Meski begitu, donor darah tetap menjadi tantangan tersendiri. Keinginan untuk berbagi sudah lama tumbuh. Saya tahu bahwa setetes darah bisa menyelamatkan nyawa. Saya sering terlibat sebagai relawan dalam berbagai kegiatan sosial, termasuk acara donor darah. Saya membantu mengatur logistik, menyambut peserta, hingga menyemangati para pendonor. Tapi untuk benar-benar menjadi pendonor? Saya selalu mundur.

Hingga suatu saat, dengan seribu ekspresi dan perasaan yang bercampur, saya memutuskan untuk mencobanya.

Sejak langkah pertama ke lokasi donor, tubuh saya sudah dipenuhi keringat dingin. Saat pemeriksaan tekanan darah dan kadar hemoglobin, tangan saya terasa dingin dan berkeringat. Ketika akhirnya duduk di kursi donor, menunggu jarum disuntikkan ke lengan kiri, saya nyaris memejamkan mata sepenuhnya. Meski petugas PMI terus menenangkan dan berkata, “Tidak sakit, kok. Tenang saja,” tapi tubuh saya tetap menegang. Keringat mengalir tanpa bisa saya kendalikan. Bahkan saat darah mulai mengalir ke kantong, waktu terasa berjalan lambat. Beberapa menit itu terasa seperti satu jam.

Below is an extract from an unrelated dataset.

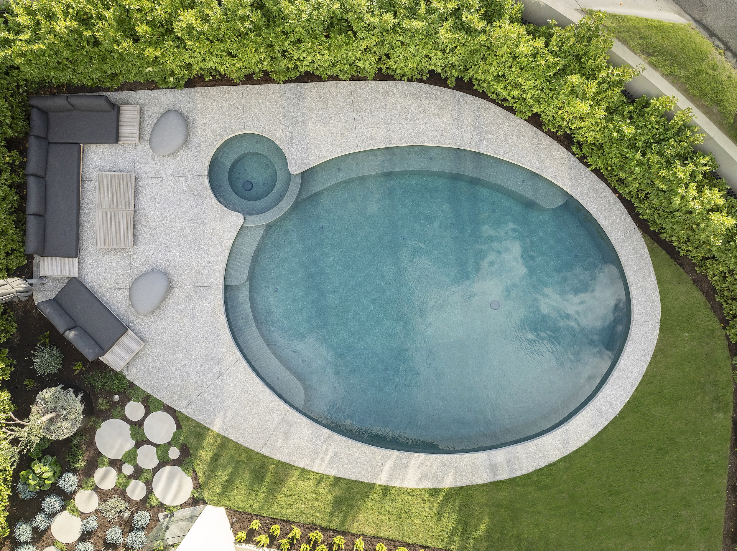 Circles within circles – despite limited grounds, this compact front garden and accompanying space-saving pool with inset spa, by Waterview Pools, achieve an airy, spacious feel.

Namun, setelah semuanya selesai, saya merasa... lega. Ada perasaan bahagia yang tidak bisa dijelaskan. Rasa takut memang tidak langsung hilang. Tapi untuk pertama kalinya, saya merasa berhasil mengalahkan sesuatu dalam diri saya sendiri.

Sejak saat itu, saya mulai rutin mendonor darah. Mungkin belum sesering orang-orang yang benar-benar terbiasa, tapi saya berusaha terus kembali setiap kali ada kesempatan. Di PMI, di acara sosial, di event-event komunitas. Dan ya, setiap kali tetap ada rasa takut. Tetap berkeringat. Tetap tegang. Tapi kali ini, saya tahu bahwa ketakutan itu bukan halangan untuk tetap berbagi.

Karena ternyata, keberanian bukan berarti tidak pernah merasa takut. Keberanian adalah tetap melangkah, meski rasa takut itu masih ada.

Saya menulis ini bukan untuk memamerkan apa yang telah saya lakukan. Tapi untuk mengajak mereka yang masih ragu, yang punya ketakutan yang sama, untuk percaya: jika saya yang sangat takut jarum saja bisa menjadi pendonor darah, maka Anda pun bisa.

Mungkin tubuh Anda akan berkeringat, mungkin Anda akan gemetar. Tapi percayalah, saat darah Anda mengalir untuk orang lain, yang terasa bukan lagi rasa sakit, melainkan kepuasan hati karena tahu Anda sedang menyelamatkan nyawa.

Dan untuk saya pribadi, tidak ada lagi “misteri” antara ingin menyumbang atau menghindar. Kini, saya memilih untuk hadir, dan berbagi. Setetes demi setetes, melawan ketakutan, demi kehidupan.